* [EXERCISE AIM]: Transcribe everything in the listing below exactly, except the pictures.
BEGIN DATA SUPPLIED
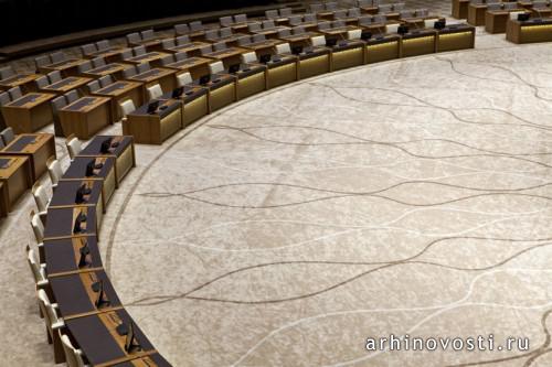 Зал заседаний имеет форму круга. Он спроектирован и отделан так, чтобы обеспечить действительно хорошую акустику.
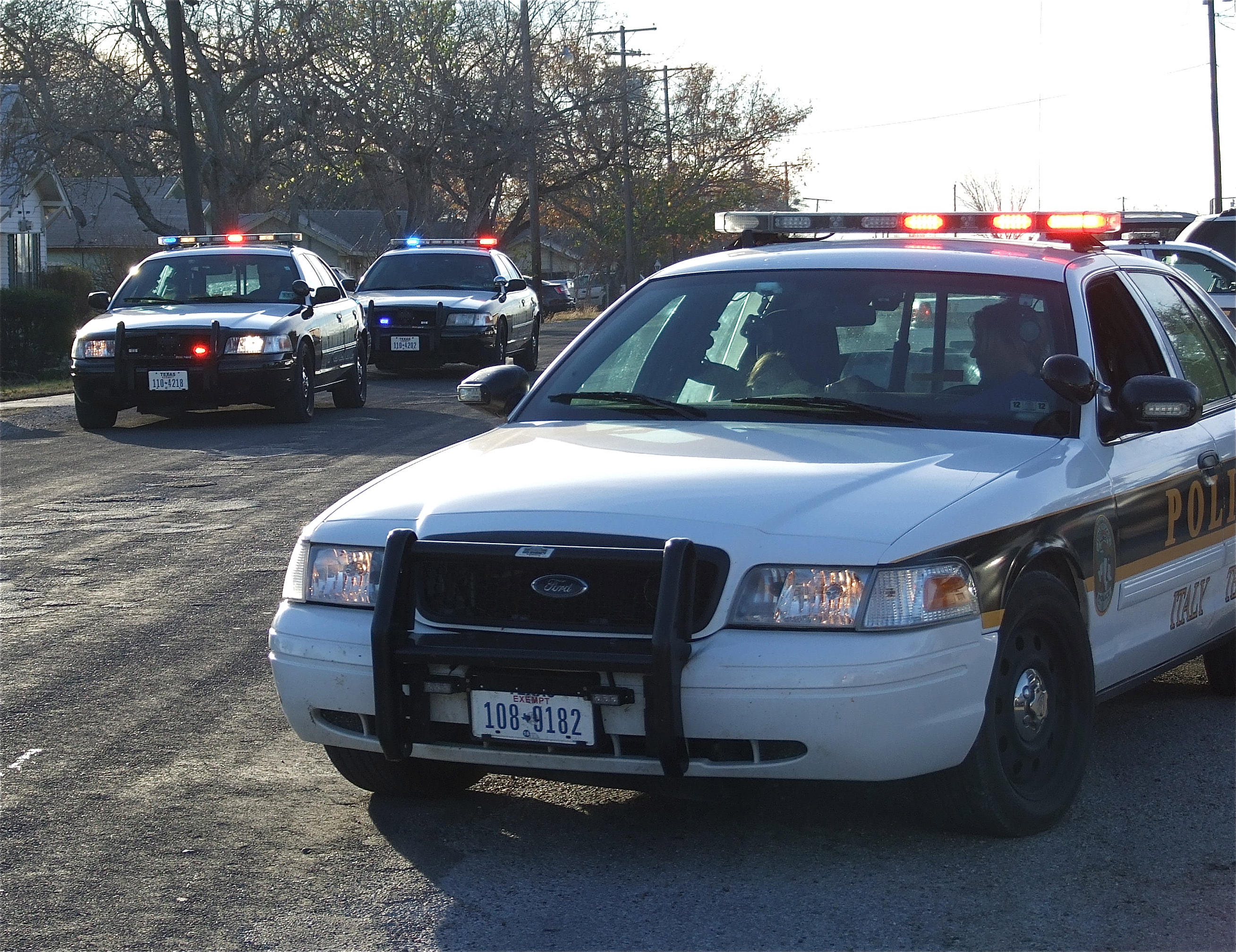 Six Stafford Elementary students “Shop with a Cop” for Christmas « previous story album next » Go, Go, Go! The Italy Police Department exits the Stafford Elementary parking to entourage the six students to Wal-Mart in Waxahachie for a “Shop with a Cop” spree. (Barry Byers) Download original photo
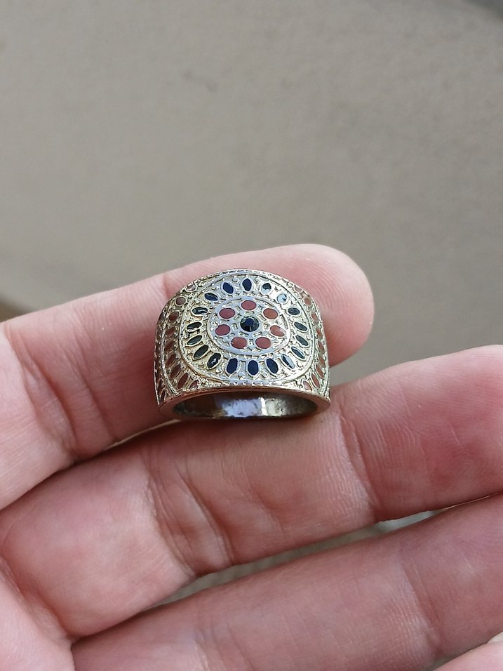 Bu vintage tarz erkek yüzük, renkli bohem desenleri ve canlı taşlarıyla sade ama benzersiz bir görünüm sunar.
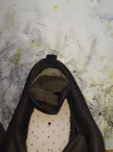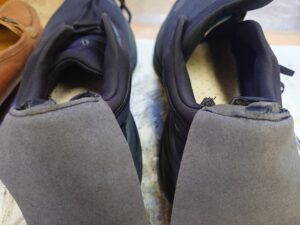 そのまま貼り付けると必ずシワが出来てしまう為、真ん中に切り込みを入れました。が、ぱっと見ても分からないと思います。ヒールカウンターも3㎜しか切除していないので、履き心地もあまり変えずに仕上げられました。
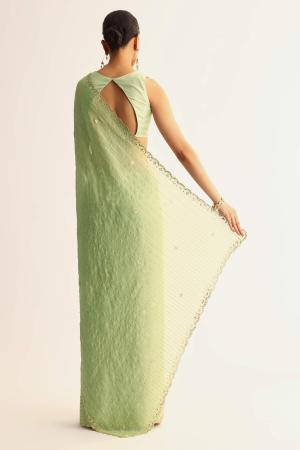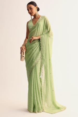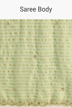 Foil-printed stripes bring shine to this mint green georgette saree. Scallop border detailed with zari, mirror, and gota work. Perfect for light festive occasions. Awarded as the Most Trusted Brand, we're delivering styles you love, just as promised.
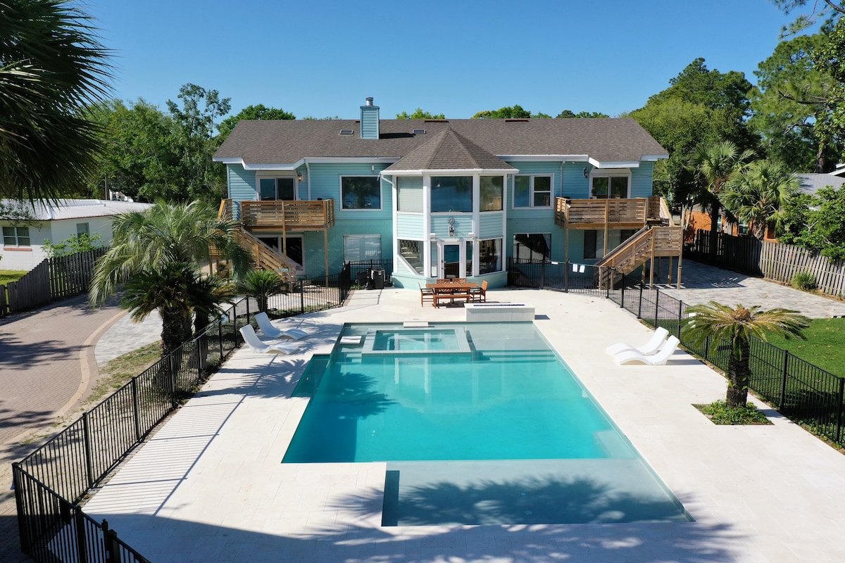 海滨度假屋:恒温泳池、热水浴缸、烧烤架!
END DATA SUPPLIED
* [SOLUTION TO THIS EXERCISE]:
 Зал заседаний имеет форму круга. Он спроектирован и отделан так, чтобы обеспечить действительно хорошую акустику.
 Six Stafford Elementary students “Shop with a Cop” for Christmas « previous story album next » Go, Go, Go! The Italy Police Department exits the Stafford Elementary parking to entourage the six students to Wal-Mart in Waxahachie for a “Shop with a Cop” spree. (Barry Byers) Download original photo
 Bu vintage tarz erkek yüzük, renkli bohem desenleri ve canlı taşlarıyla sade ama benzersiz bir görünüm sunar.
 そのまま貼り付けると必ずシワが出来てしまう為、真ん中に切り込みを入れました。が、ぱっと見ても分からないと思います。ヒールカウンターも3㎜しか切除していないので、履き心地もあまり変えずに仕上げられました。
 Foil-printed stripes bring shine to this mint green georgette saree. Scallop border detailed with zari, mirror, and gota work. Perfect for light festive occasions. Awarded as the Most Trusted Brand, we're delivering styles you love, just as promised.
 海滨度假屋:恒温泳池、热水浴缸、烧烤架!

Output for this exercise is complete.